Baru pada masa modern, kaidah kritik matan hadis yang lebih sistematis disusun oleh berbagai cendikiawan, baik dari kalangan muslim maupun dari kalangan orientalis. Namun kendati demikian, kaidah kritik matan tidaklah baku, mengingat para cendekiawan tersebut berbeda dalam beberapa poin/standar kritik mereka. Misalnya, James Robson (w. 1981 M) menolak hadis politis, sebuah standar yang tidak ditetapkan oleh Mustafa al-Siba’I (w. 1964 M) dan Muhammad al-Ghazali (w. 1996 M).

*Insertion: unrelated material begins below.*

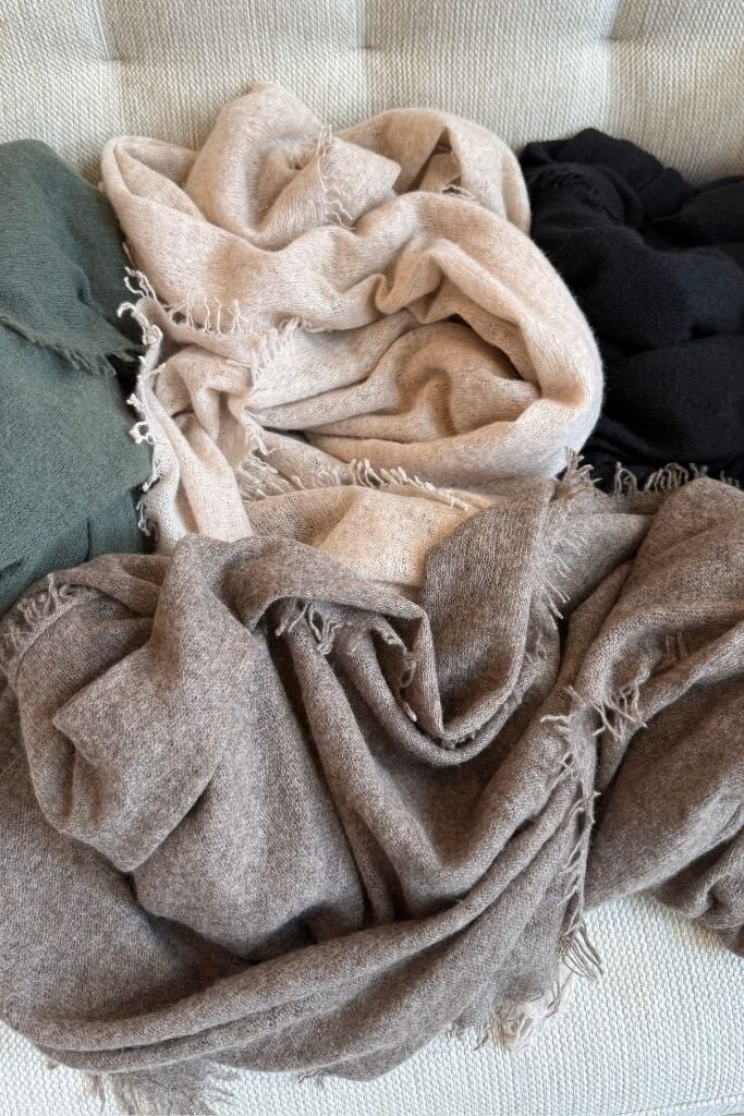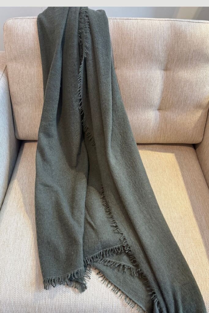 Made from high-quality 100% cashmere, this shawl is both comfortable and sustainable. Wear it draped over a blazer for a chic workwear look, or wrap it snugly around your neck on colder days. Ideal for everyday wear, yet stylish enough for an evening out.

Di masa itu, juga muncul seorang cendikiawan muslim yang telah melakukan kajian mendalam terhadap berbagai metode kritik matan hadis, dimulai dari era Nabi Muhammad Saw hingga era sebelum dirinya. Hasilnya, ia menetapkan empat standar kritik matan hadis, yang menurutnya dilakukan oleh para ahli hadis. Dialah Shalahuddin al-Idlibi (l. 1948 M) dengan karyanya Manhaj Naqd al-Matn ‘inda ‘Ulama al-Hadits al-Nabawi.
Kritik Matan Hadis al-Idlibi
Ada empat standar kritik matan hadis yang dinyatakan oleh al-Idlibi, yaitu (1) tidak bertentangan dengan al-Qur’an, (2) tidak bertentangan dengan hadis dan sirah yang shahih, (3) tidak bertentangan dengan akal sehat, panca indra, serta fakta sejarah, dan (4) menunjukkan sabda kenabian.
Pertama, sebuah hadis sahih tidak mungkin bertentangan maknanya dengan al-Qur’an. Secara kekuatan wurud (kemunculan)nya, al-Qur’an menempati posisi qath’i (pasti), sedangkan hadis hanyalah zhanni (dugaan kuat). Kondisi ini pun mensyaratkan bahwa keduanya merupakan dalil yang tidak dapat ditakwil. Jika demikian, maka al-Qur’an dan hadis tersebut dapat dikompromikan (al-jam’u).
Kedua, sama halnya dengan syarat pertama, bahwa sebuah dalil tidak boleh bertentangan dengan dalil yang lebih kuat. Dalam hal ini, sebuah hadis atau sirah Nabi yang lebih sahih tidak dapat digugurkan oleh hadis yang derajatnya lebih rendah. Pada poin ini al-Idlibi juga memberikan syarat: pertama, tidak ada kemungkinan al-jam’u antara kedua teks yang sedang diperbincangkan, dan kedua, kedua teks berada pada derajat yang berbeda.
Ketiga, agar tidak terjadi perbedaan cara berpikir yang terlalu jauh dalam menentukan ‘ini sesuai dengan akal’ dan ‘yang itu bertentangan dengan akal’, al-Idlibi menyatakan bahwa standar akal yang digunakan adalah akal yang telah mendapatkan pencerahan dari al-Qur’an dan ilmu mantiq (logika). Sebab, sebuah teks (al-naql) yang sahih tidaklah mungkin bertentangan dengan akal (al-‘aql).
Al-Idlibi juga menyatakan bahwa sebuah hadis tidaklah mungkin bertentangan dengan hal-hal indrawi atau dunia fisik, karena itu bukanlah sikap yang dicontohkan oleh Nabi Muhammad Saw. Dan berkaitan dengan sejarah, ia menyatakan bahwa sejarah yang dimaksud adalah sejarah yang telah terbukti keabsahannya. Sebuah hadis yang tidak sesuai dengan fakta sejarah yang valid, membuat orang setidaknya meragukan keabsahannya.
Keempat, ada tiga kondisi yang dapat menyebabkan bahwa sebuah hadis tidak menunjukkan sabda kenabian. Pertama, redaksi hadis terkesan sangat sembarangan (sembrono, gegabah, dan sebagainya), yang dicirikan dengan adanya peringatan akan kengerian (al-tahwil) dan menceritakan hal-hal yang menakjubkan (al-ajib) yang terlampau berlebihan. Kedua, redaksi hadis sangat membosankan (samajah) dan miskin makna (rakakah). Dan ketiga, redaksi hadis menyebutkan sebuah istilah yang belum ada di masa Nabi Muhammad Saw.
Adapun untuk melihat contoh masing-masing poin yang ditetapkan oleh al-Idlibi. Silakan baca karyanya Manhaj Naqd al-Matn ‘inda ‘Ulama al-Hadits al-Nabawi. Selamat membaca.